Pensamos que assiste razão ao Agravante.
Vejamos.
De acordo com o nº 2, do artº. 698º «O recorrente alega por escrito no prazo de 30 dias…» e segundo o seu nº 6 «Se o recurso tiver por objecto a reapreciação da prova gravada, são acrescidos de 10 dias os prazos referidos nos números anteriores».
Como é sabido, este nº 6 destina-se a facilitar o cumprimento do ónus estabelecido no artº. 690º-A.

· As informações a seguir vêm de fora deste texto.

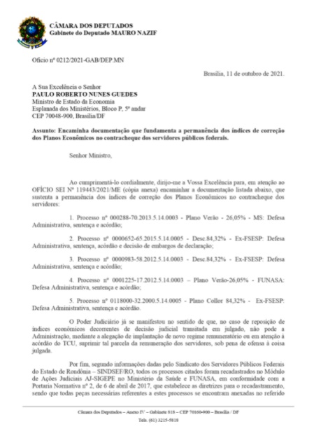 Inteirado pela Diretoria do Sindicato dos Servidores Públicos Federais do Estado de Rondônia – Sindsef/RO, com todas as informações pertinentes, o deputado federal Mauro Nazif encaminhou ao Ministério da Economia, um rol de documentação que sustenta a permanência dos índices de correção dos Planos Econômicos no contracheque dos servidores beneficiários do Ministério da Saúde e Funasa.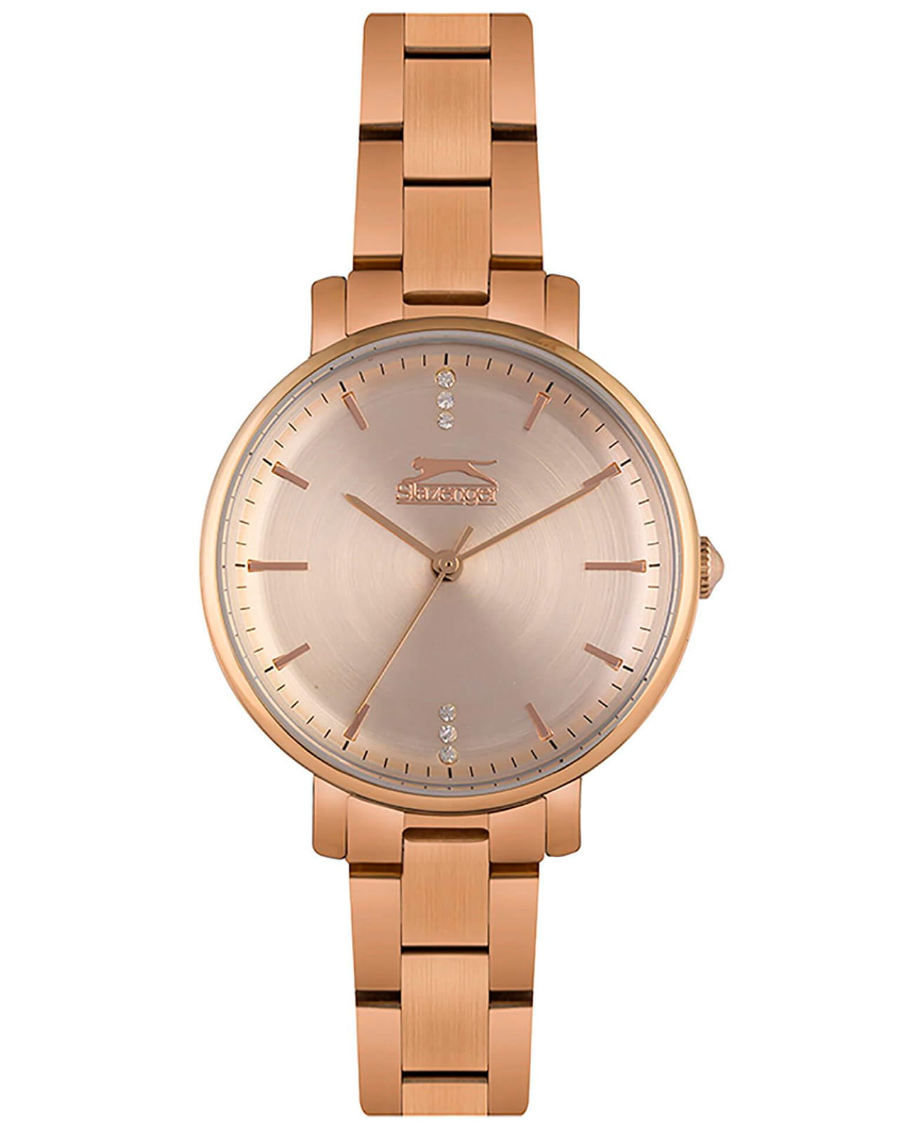 Женские кварцевые часы Slazenger — элегантный аксессуар с гармоничным дизайном и продуманной конструкцией. Корпус диаметром 35 мм и толщиной 8,5 мм выполнен из суперметалла с IP-покрытиемIP-покрытиеМетод ионного напыления. Демонстрирует повышенную устойчивость к истиранию, окислению и химическим веществам. Под воздействием высокого давления и температуры около 1500°C молекулы металла надёжно соединяются с частицами корпуса часов.. Циферблат цвета шампань оформлен индексами и стрелками. Циферблат защищён минеральным стекломМинеральное стеклоМинеральное стекло представляет собой искусственно выращенный минерал кварца. Такое стекло отличается особой устойчивостью к повреждениям и царапинам. Уступает по некоторым качествам сапфировому стеклу.. Механизм — кварцевый калибр Miyota 2035. Браслет интегрирован в корпус, обеспечивая цельный и утончённый образ. Часы оснащены раскладной застёжкойРаскладная застёжкаТакой тип застёжки используется только на браслетах из металла. Она никогда не раскрывается полностью, происходит разделение на 2 и более частей. Раскладывающая застёжка снизит вероятность потери часов к минимуму.. Водонепроницаемость 30 м позволяет использовать часы в повседневных условиях. Стильное решение для тех, кто ценит лаконичность и качество.
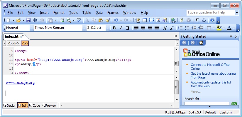 Uvod /INTRODUCTION/ FRONT PAGE je aplikacija (alat) za izradu Web (html) sadržaja. Sastavni je dio MICROSOFT OFFICE paketa. Dokumenti kreirani u FRONT PAGE-u imaju .htm ili .html ekstenziju. Za pregled sadržaja Web dokumenata (a i dokumenata izrađenih FRONT PAGE-u) koriste se aplikacije koje se zovu čitaći /BROWSER(S)/. Primjeri ovih aplikacija su: INTERNET EXPLORER, MOZILLA FIREFOX, OPERA,... Okruženje FRONT PAGE-a je slično WORD-u i većina korisnika FRONT PAGE-a već poznaje rad sa WORD-om, kao i osnove WINDOWS okruženja (prozor, ikona dijalog prozor, meni, WINDOWS EXPLORER,...). Na našem sajtu www.znanje.org se nalaze uputstva za Word i WindowsXP kao i druga uputstva abc serije: abc Tutorials: Ovo je priručnik za početnike /BEGINNER/. Podijeljen je u oblasti: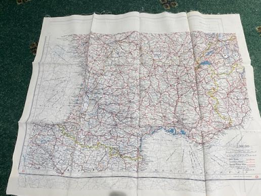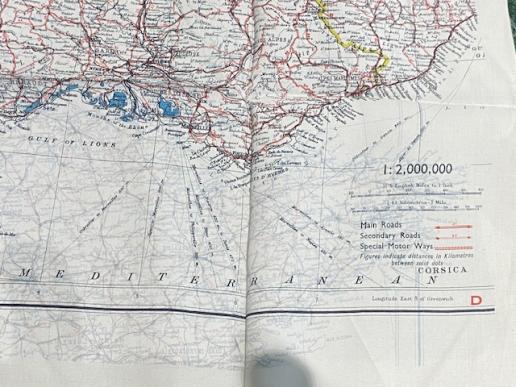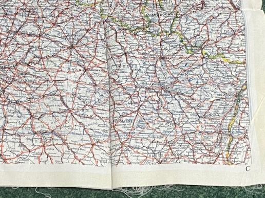 Mid-War double sided silk escape map for use primarily by the RAF. 52cms x 44cms size, multi-coloured this example is coded ' C ' and ' D ' and primarily shows France, Belgium, Luxembourg and Holland. Excellent, clean condition, folded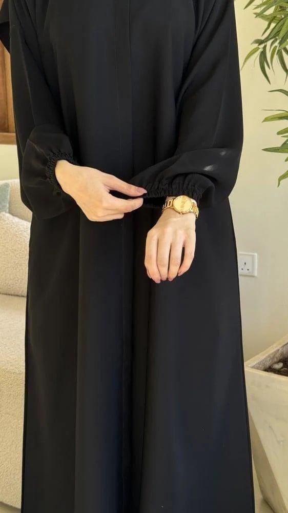 لون أسود كلاسيكي يضيف لمسة من الفخامة ويجعل العباية مناسبة لكل المناسبات.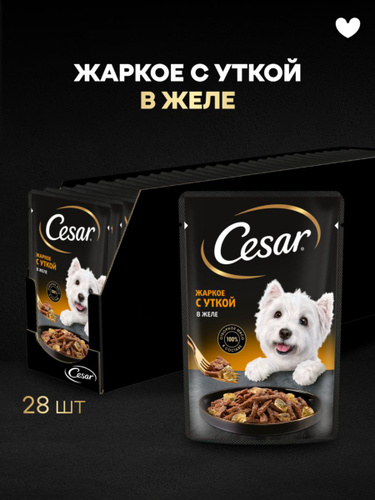 Влажный корм для собак Cesar жаркое с уткой в желе, 28 шт x 85 г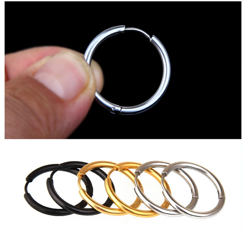 2 шт.компл., маленькие серьги-кольца из нержавеющей стали для женщин, мужчин, золотые, черные, круглые серьги, спиральное кольцо для пирсинга, 10 мм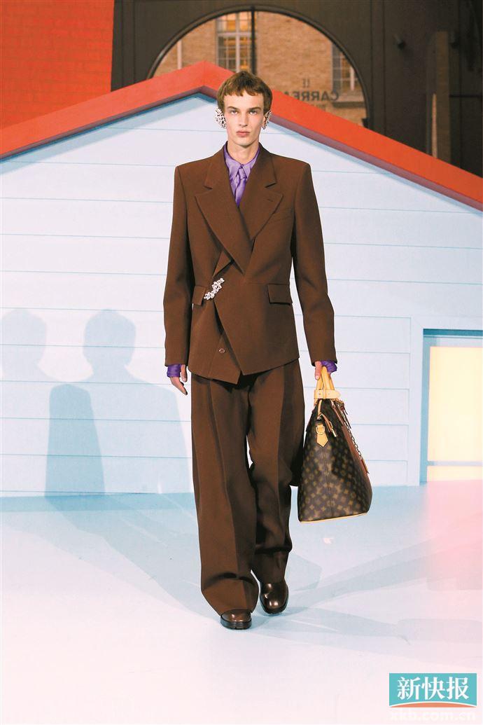 Louis Vuitton、TomFord等品牌2022秋冬男女装中都能看到多套深橡木色单品的演绎,小面积搭配俏皮粉蜡色和季节性亮色如绿色、黄色、蓝色、紫色等,成熟稳重气质得以保持,同时又彰显时髦特性。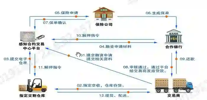 以银行的质押放贷等业务为例,这是一种以物流信息为主的融资过程,这里不展开详谈了,大家只需要了解下图中的第7步、第10步等操作等涉及确认、解押的操作都需要现场核对,产品的流程复杂,效率很低。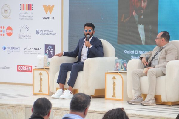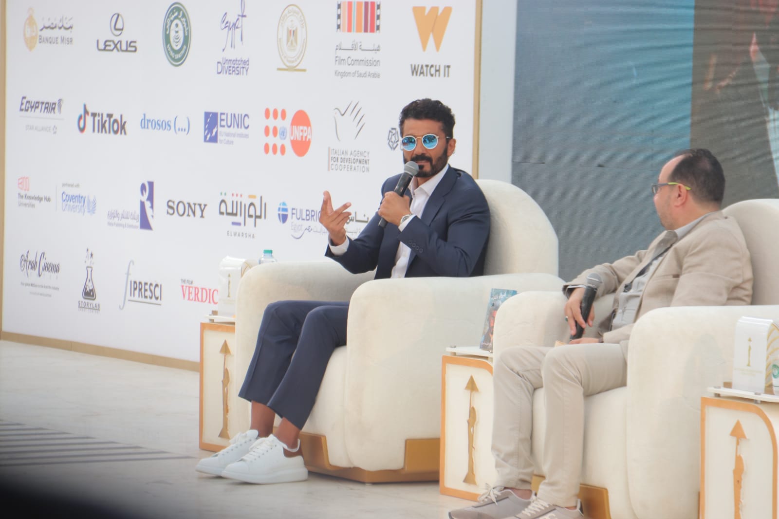 واستعرضت الندوة محطات مهمة في مشواره، بدءا من تخرجه في المعهد العالي للفنون المسرحية عام 1989 وظهوره الأول في ليلة عسل، مرورا بـ المواطن مصري، وصولًا إلى انطلاقته الكبرى مع يوسف شاهين في فيلم المهاجر عام 1994، الذي فتح له أبواب المشاركة في أعمال عالمية مثل Kingdom of Heaven وFair Game وThe Citizen.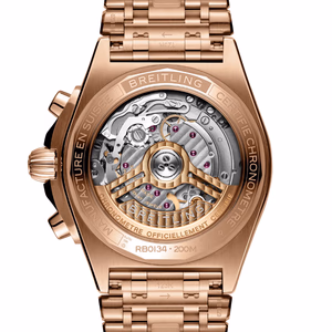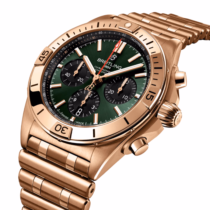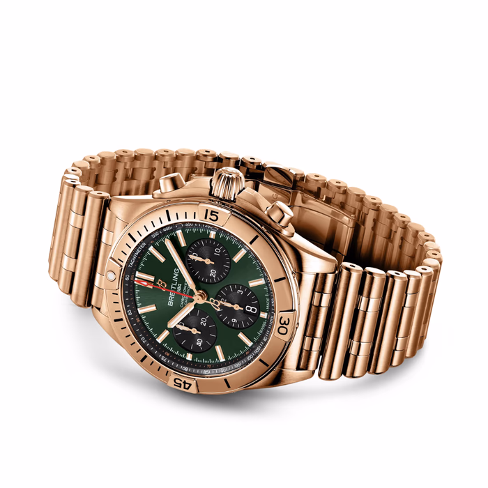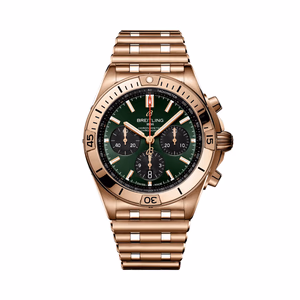 The Breitling Chronomat B01 42 was introduced in 2020. A complete revamp of Breitling's evergreen, this new version sports a sleeker case with more clearly defined angles, a redesigned bezel, and the option of a brand-new 'Rouleaux' style bracelet. Inside ticks Breitling's in-house B01 movement. Reference RB0134101L1R1 has a red gold case and a Green dial. It is water resistant up to 200m.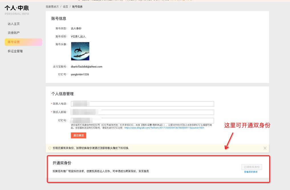 若您的账号没有服务方身份,可通过“个人中心”——“账号设置”开通达人、机构或服务商身份。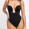 The Bare Essentials™ AirSlim® Backless U Plunge Thong Bodysuit is the ultimate low-back, low-front solution for when you’re getting glam! Designed to sit discreetly beneath strapless and backless outfits, while offering lift and shape at the bust.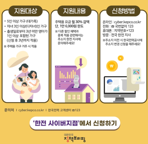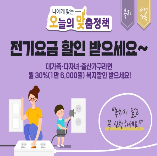 대가족, 다자녀, 출산가구 등에 전기요금 30% 할인 감면 받을 수 있다는 사실 알고 계신가요?

Da simples leitura daquele nº 6, constata-se que nele não se prevê qualquer requisito (nomeadamente o de dar conta nos autos da sua pretensão de reapreciação da prova gravada) a cumprir pelo recorrente, para beneficiar do acréscimo de 10 dias, que não seja o do recurso ter por objecto a “reapreciação da prova gravada” – e como este objecto é delimitado pelas conclusões das alegações, será pelas conclusões que se aferirá se as alegações são ou não tempestivas, o que nos leva a perfilhar a tese do Recorrente, ou seja, a de que tendo havido gravação da prova e não tendo o Recorrente, no requerimento de interposição do recurso, excluído do âmbito do recurso o decidido quanto à questão de facto, então o processo não deverá ser concluso ao Mmº Juiz antes do decurso do prazo de 40 dias, contados da notificação ao recorrente do despacho que o admitiu e, apresentadas as alegações, para além dos 30 dias, das duas uma: ou o recorrente, nas conclusões, pede a reapreciação da prova gravada, como aconteceu in casu – situação em que as alegações são tempestivas – ou não pede – hipótese em que as alegações serão tidas por intempestivas e o recurso julgado deserto.
Aliás, mesmo na tese perfilhada no douto despacho recorrido, sempre as alegações teriam de ser consideradas tempestivas, e o recurso não encontrado deserto, na medida em que o ora Agravante praticou actos inequívocos da sua intenção de requerer a reapreciação da prova gravada, nomeadamente quando requereu a gravação da audiência final e quando o Il. Mandatário requereu que lhe fosse facultada cópia dos registos dos depoimentos prestados em audiência de julgamento.
Termos em que procedem as conclusões da minuta.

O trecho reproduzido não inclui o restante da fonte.